Namun, yang mengejutkan semua orang adalah Zhou Yuan masih berdiri di bawahnya, bukannya terlempar keluar dari waduk seperti yang diharapkan semua orang.
Sesosok siluet bercahaya misterius setinggi seratus kaki muncul di atasnya. Sosok bercahaya itu menyelimuti seluruh tubuhnya, dengan kedua lengannya disilangkan di atas kepala dalam posisi bertahan.
Ujung aliran Qi pedang saat ini tersangkut di lengan sosok bercahaya misterius itu, tidak mampu bergerak maju bahkan satu inci pun!
Teknik Bola Pedang Sapu Iblis telah diblokir!
Banyak sekali murid yang tercengang melihat pemandangan ini.
Para murid Puncak Pedang yang awalnya bersemangat tinggi dan bertarung dengan sengit pun berhenti menyerang dengan ekspresi terkejut.
Zhou Tai, Lu Yan, Zhang Yan, dan yang lainnya juga ter bewildered menatap sosok yang sama sekali tidak terluka yang berdiri di udara.
Apalagi mereka, bahkan pemimpin sekte Qing Yang dan para master puncak lainnya, di luar waduk Genesis, berteriak kaget dan takjub. Mereka saling memandang, dan tak kuasa bergumam, “Siluet bercahaya itu…”
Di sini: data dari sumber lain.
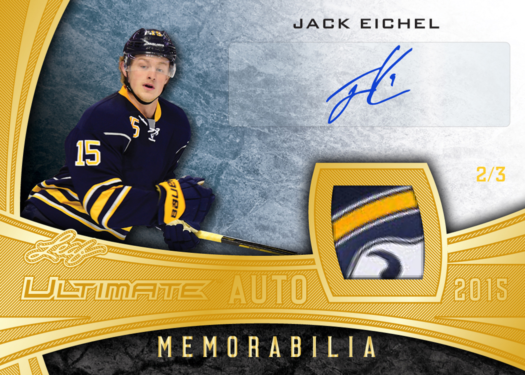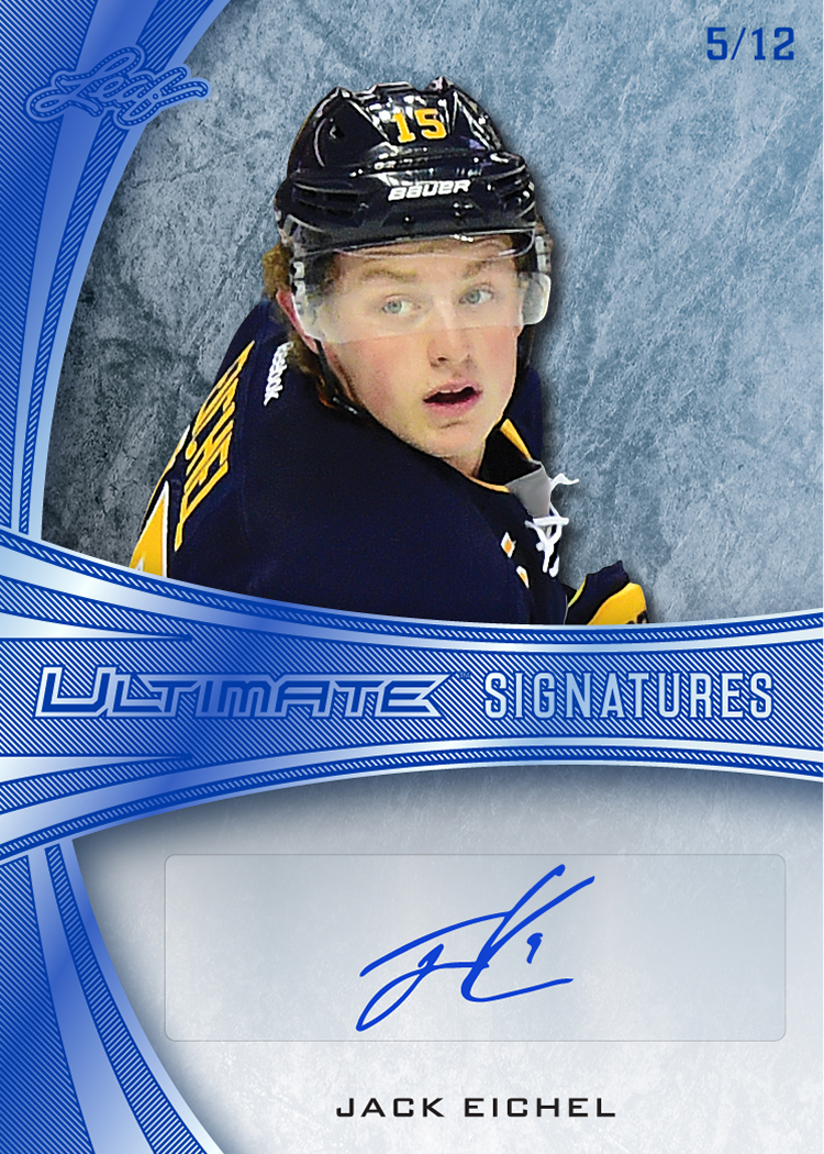 An exclusive autograph deal with hot Buffalo Sabres rookie Jack Eichel ensures that 2015-16 Leaf Ultimate Hockey captures the attention of the his fans and the autograph program for this release begins with Time Capsule Signatures. In addition to Eichel, 2016 NHL Entry Draft prospect Jesse Puljujarvi is part of the lineup along with legends like Patrick Roy and Gordie Howe.

“Apakah Roh Suci Omega Itu Seni?”
Pemimpin sekte Qing Yang tidak bisa menahan ekspresinya yang berubah.
“Si kecil ini sudah mempelajari Seni Roh Suci Omega?!”
Di lokasi lain yang jauh, mulut tetua Shen Taiyuan dan tetua Lu Song perlahan membesar, sementara ketidakpercayaan dan keterkejutan memenuhi mata mereka.